**SUPPLIED MATERIAL:**

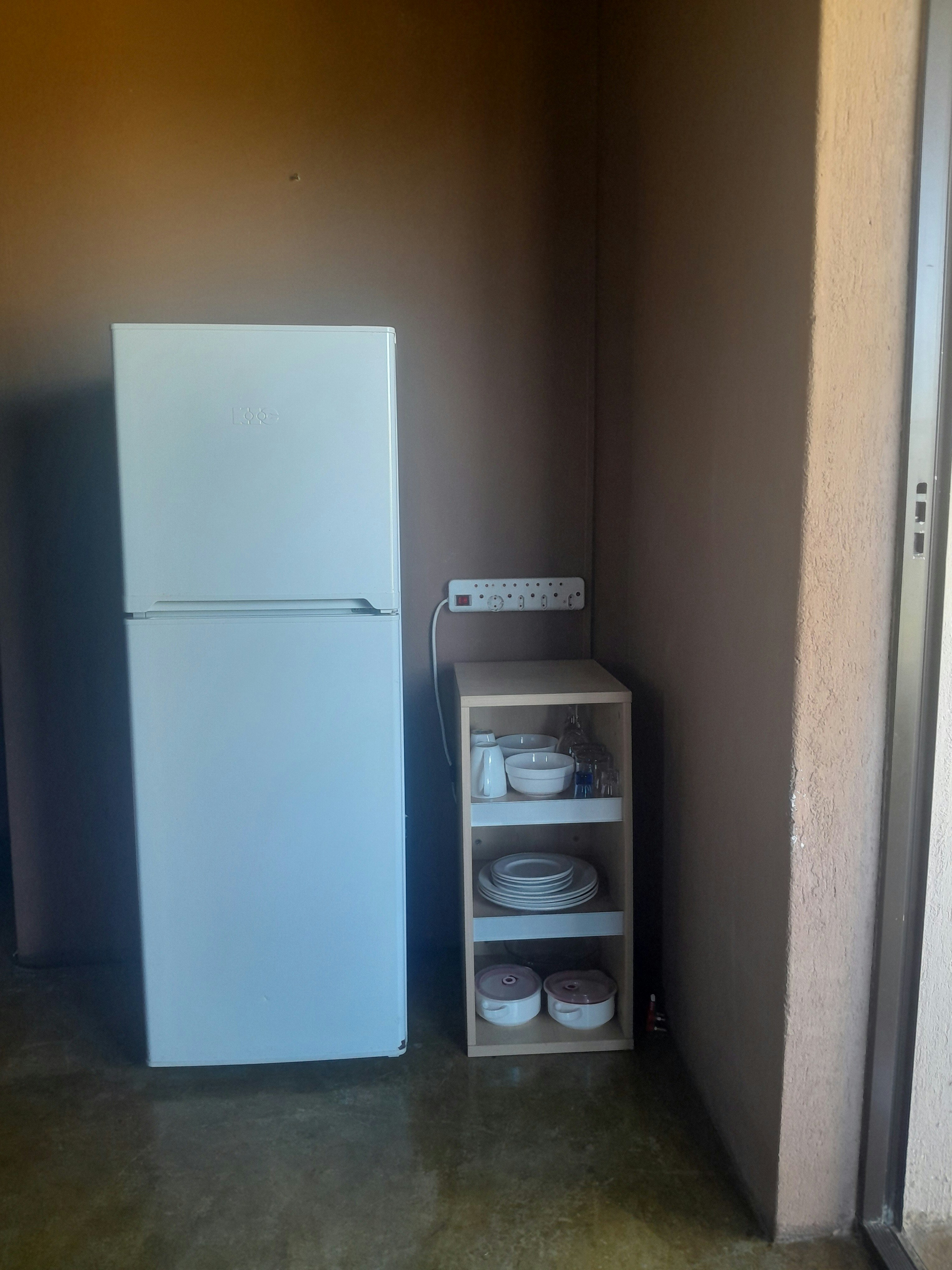 Die kombuisie is met 'n yskas-vrieskas, tweeplaatgasstoof, mikrogolf, eetgerei, breekware, tee- en koffiemaakgeriewe toegerus, en daar is 'n etenstafel. Die woonstel lei na 'n stoep met meubels.
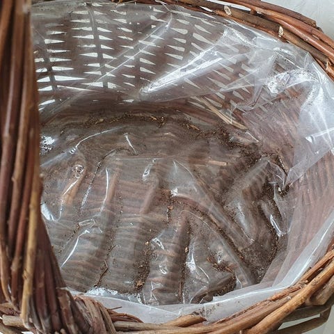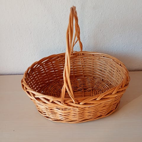 Flettet kurv til ophæng + med hank. Kan bruges til magasiner, blomster etc.
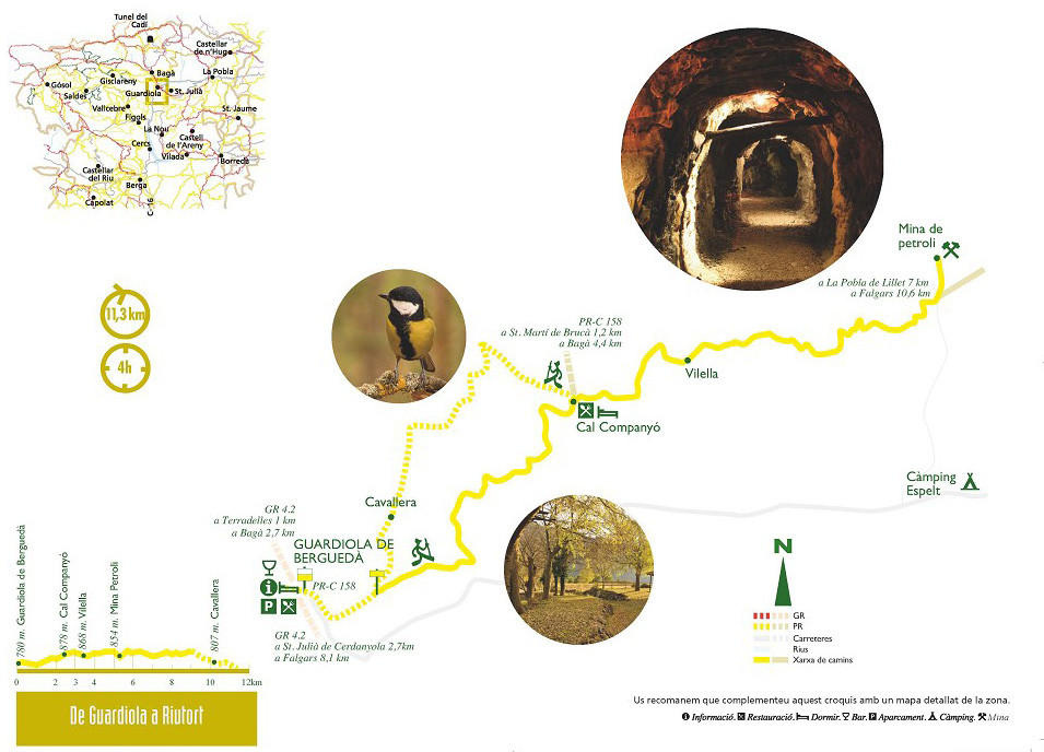 Il est bien connu que Berguedà était l'une des zones d'extraction de charbon les plus précieuses du pays. Mais sait-on que du pétrole de Berguedà a été extrait? Cet itinéraire vous mènera à la mine de pétrole Riutort, désormais adaptée aux touristes * et où vous pourrez, en plus de voir et de sentir de l'or noir, vous plonger dans son complexe de galeries, une chauve-souris. et salamandres. Le tout dans un magnifique cadre naturel caché en bordure du parc naturel de Cadí Moixeró.
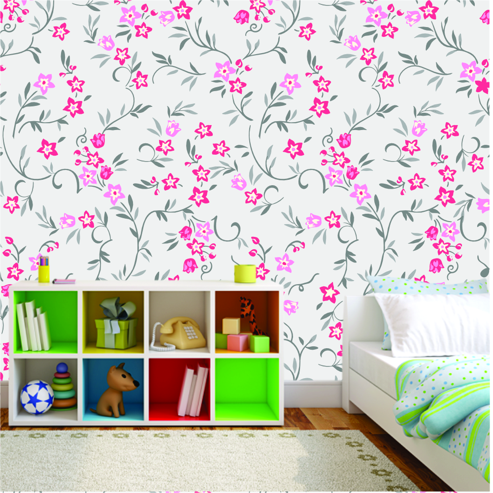 Papel de Parede Adesivo - Ramo de Flores Cor de Rosa com Fundo Cinza
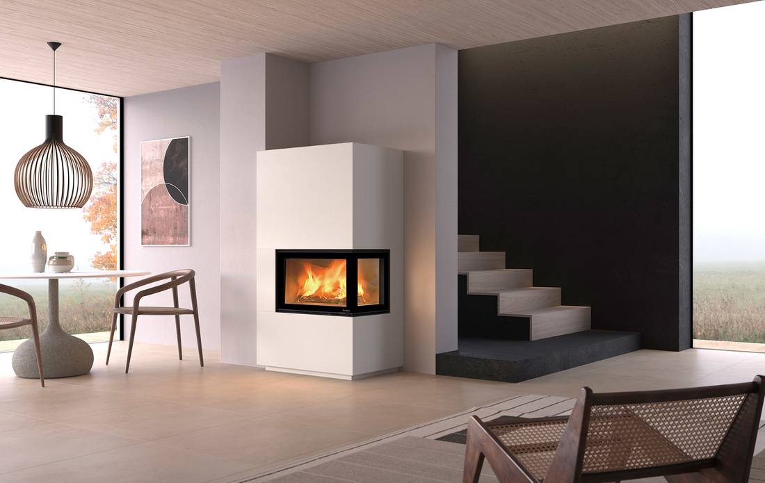 Version trois faces vitrées : pour une vision panoramique à 180° du feu.
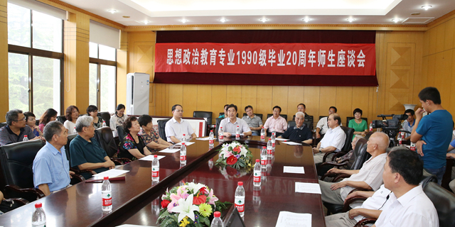 8月23日,学院思想政治教育专业1990级校友毕业20周年师生座谈会在学校举行。学校党委书记商志晓出席座谈会并讲话。学院负责同志,学校校友工作办公室负责同志,学院部分教师代表、辅导员老师、有关系友代表与返校校友欢聚一堂,重叙师生情、同窗情、母校情。

**PROBLEM TO WORK ON:**
Every line from the one containing "Il est bien" through the last line of the data is to be retyped exactly, with nothing added and no pictures included.

**SOLUTION TO THE EXERCISE:**
 Il est bien connu que Berguedà était l'une des zones d'extraction de charbon les plus précieuses du pays. Mais sait-on que du pétrole de Berguedà a été extrait? Cet itinéraire vous mènera à la mine de pétrole Riutort, désormais adaptée aux touristes * et où vous pourrez, en plus de voir et de sentir de l'or noir, vous plonger dans son complexe de galeries, une chauve-souris. et salamandres. Le tout dans un magnifique cadre naturel caché en bordure du parc naturel de Cadí Moixeró.
 Papel de Parede Adesivo - Ramo de Flores Cor de Rosa com Fundo Cinza
 Version trois faces vitrées : pour une vision panoramique à 180° du feu.
 8月23日,学院思想政治教育专业1990级校友毕业20周年师生座谈会在学校举行。学校党委书记商志晓出席座谈会并讲话。学院负责同志,学校校友工作办公室负责同志,学院部分教师代表、辅导员老师、有关系友代表与返校校友欢聚一堂,重叙师生情、同窗情、母校情。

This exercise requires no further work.